There are other, more worrying implications for Bradford. “There has been a rise in hate crimes, but while Bradford is not unique in that, it is more likely to suffer that, because it does have such an ethnic and cultural mix.”
Iqbal says he has spoken to Eastern European families considering leaving because of Brexit, but not due to any negative feeling they’ve experienced. They’re concerned about rumours that post-Brexit you’ll need to have a £30,000 a year salary to stay in the country. “And as sterling has weakened, and their currency has become stronger, it’s not economical to stay.”
Alex Moga, from Romania, runs a recruitment agency in Hull for people from Eastern Europe and Portugal who want to come to Britain and work. He believes that people don’t understand how reliant the UK is on a flow of labour from Eastern Europe.
The agency brings in butchers, construction workers and engineers to work in Britain and Scotland. “They need Eastern Europeans. There might be 20 British people on a site who are the managers, supervisors. All the rest are immigrants: Polish, Portuguese, Romanian. If you take them all out, the site will be shut down.”

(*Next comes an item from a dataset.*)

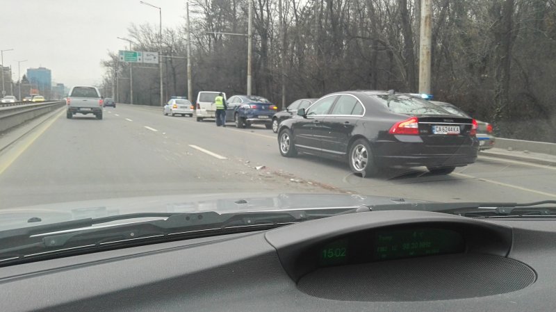 Катастрофа на Цариградско шосе този следобед между Орлов мост и Плиска. Само ламарини, но все пак има тапа преди катастрофата!
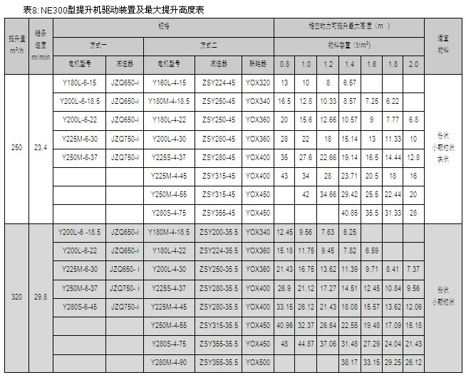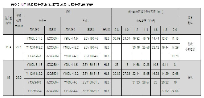 NE15、NE30、NE50、NE100、NE150、NE200、NE300、NE400型提升機的提升量上限、提升高度上限及動力配備表見表2~9,選擇NE500、NE600、NE800型提升機時,請與本公司技術部聯(lián)系。

He’s unhappy with the quality of English workers. “All the time [they] let me down. I give them a job, but they come one day, two days, to work. And then it’s goodbye.”
The people he brings in from continental Europe, “they want to work. So long as you give them fair money, fair price and a fair job.”
Brexit has created a lot of fear among his workers. “They’re asking me, ‘Alex, what’s it going to be like in 18 months . . . will they send us home’? To be fair, nobody knows what’s going to happen. For sure, some change is coming.”
But then he says something unexpected. “My personal opinion about Brexit: let them go out. I came to UK working as a truck driver. It was nice, the pay was very high, I made a lot of money.” But since the borders opened to Eastern Europe and “everybody came in UK, everything is down.”
It’s harder to make decent money now. “Let the people who are here and working stay, send the rest home.”
Employment issues are also preoccupying the owner of the Halal butchers on Beverley Road in Hull. The shop has been open for six weeks. Abu Hanif opened it after he had to close two takeaway restaurants when he could no longer find chefs. You can’t train English people to cook Indian curry, he explains.
“When Theresa May was Home Secretary, she changed the rules and regulations about chefs coming from non-EU countries, so you needed to pay them a minimum of £29,750. I can’t do that. It just doesn’t make any sense. Theresa May did that to us. She destroyed my life.”
Curry houses contribute over £4.5 billion to the UK economy. “The English national dish is chicken tikka masala,” he adds, to a burst laughter in the shop.
He blames Theresa May for “destroying the industry”. Indeed, a recent report by the British Hospitality Association and KPMG warned that by 2029, the restaurant industry could have a deficit of more than a million workers.
So he closed the restaurants, picked himself up, and is starting again. “I’m not going to leave. I live here. I’ll die here. But I am deeply against the Brexit. No-one can succeed alone. You need friends.”
A customer comes into the shop looking for cardamom seeds. As he goes to serve her, he says again Brexit is a disaster about to happen.
“I just bought a 400-litre chest freezer for my shed to make sure we don’t run out of food. Dark days are coming.”